In understanding how authenticity is conceived, Gilroy discusses how authenticity functions as an aspect of Black music that comes from perceived proximity to the origin of said music. On page 96 of his book The Black Atlantic he was quoted saying:

“folk, or local expressions of Black culture have been identified as authentic and positively evaluated for that reason, while subsequent hemispheric or global manifestations of the same cultural forms have been dismissed as inauthentic and therefore lacking in cultural or aesthetic value precisely because of their distance (supposed or actual) from a readily identifiable point of origin.”[28]

However, Gilroy proceeds to counter this perception by saying, “In all these cases it is not enough for critics to point out that representing authenticity involves artifice.
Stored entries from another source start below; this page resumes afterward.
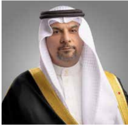
○ وزير النفط والبيئة.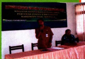
Pembukaan Pelatihan GPS oleh Kasubbid Data Prasana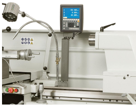
Die serienmäßige 3-Achs-Positionsanzeige garantiert einfacheres Arbeiten und höhere Genauigkeit.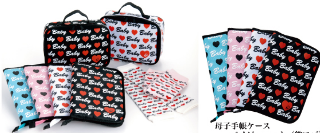
母子手帳ケース ベビーハート (総ロゴ)

PLM-003PML PLM-003BPL PLM-003WHL PLM-003BKL 2730 円 (税込み)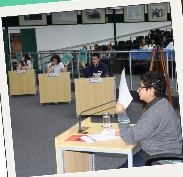
#Setembro e #Outubro Sessões e votações de propostas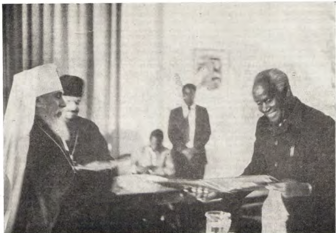
Митрополит Сергей вручает церковные пластинки Президенту Замбии Кеннету Каунде

колониализма. И тем более отраднее сейчас сознавать, что почти все страны африканского континента обрели свободу и независимость, а точнее сказать, с оружием в руках завоевали их. В наш век Африка поднимается во весь свой могучий рост. Широко направляя богатырские плечи, многострадальный народ Африки рвет оковы колониализма. Появляются национальные Церкви. Они объединяются в христианские Советы Церквей, ими руководят сами африканцы без вмешательства извне.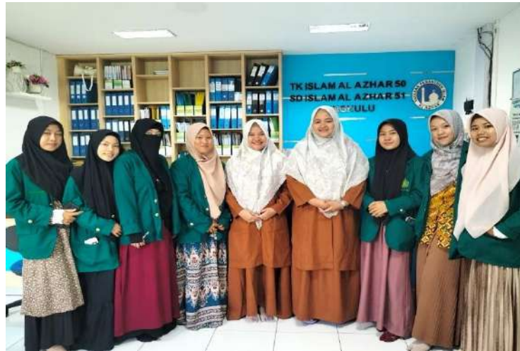
Gambar 2. Foto Penyerahan Mahasiswa PLP I

manfaat kultur sekolah, pemanfaatan sarana dan prasarana, manajemen sekolah, dan proses pembelajaran.

This may be true, but it is not helpful when trying to evaluate or compare cultural forms let alone in trying to make sense of their mutation.”[27] By making the word artifice synonymous with the representation of authenticity in this context, Gilroy is acknowledging the lack of definitive ability to denote authenticity.[29] Gilroy then goes a step further to express how sticking to conversations of what is authentic hurts our ability to better understand the “mutation” of Black music as it engages and it changed by the Black Diaspora.[27]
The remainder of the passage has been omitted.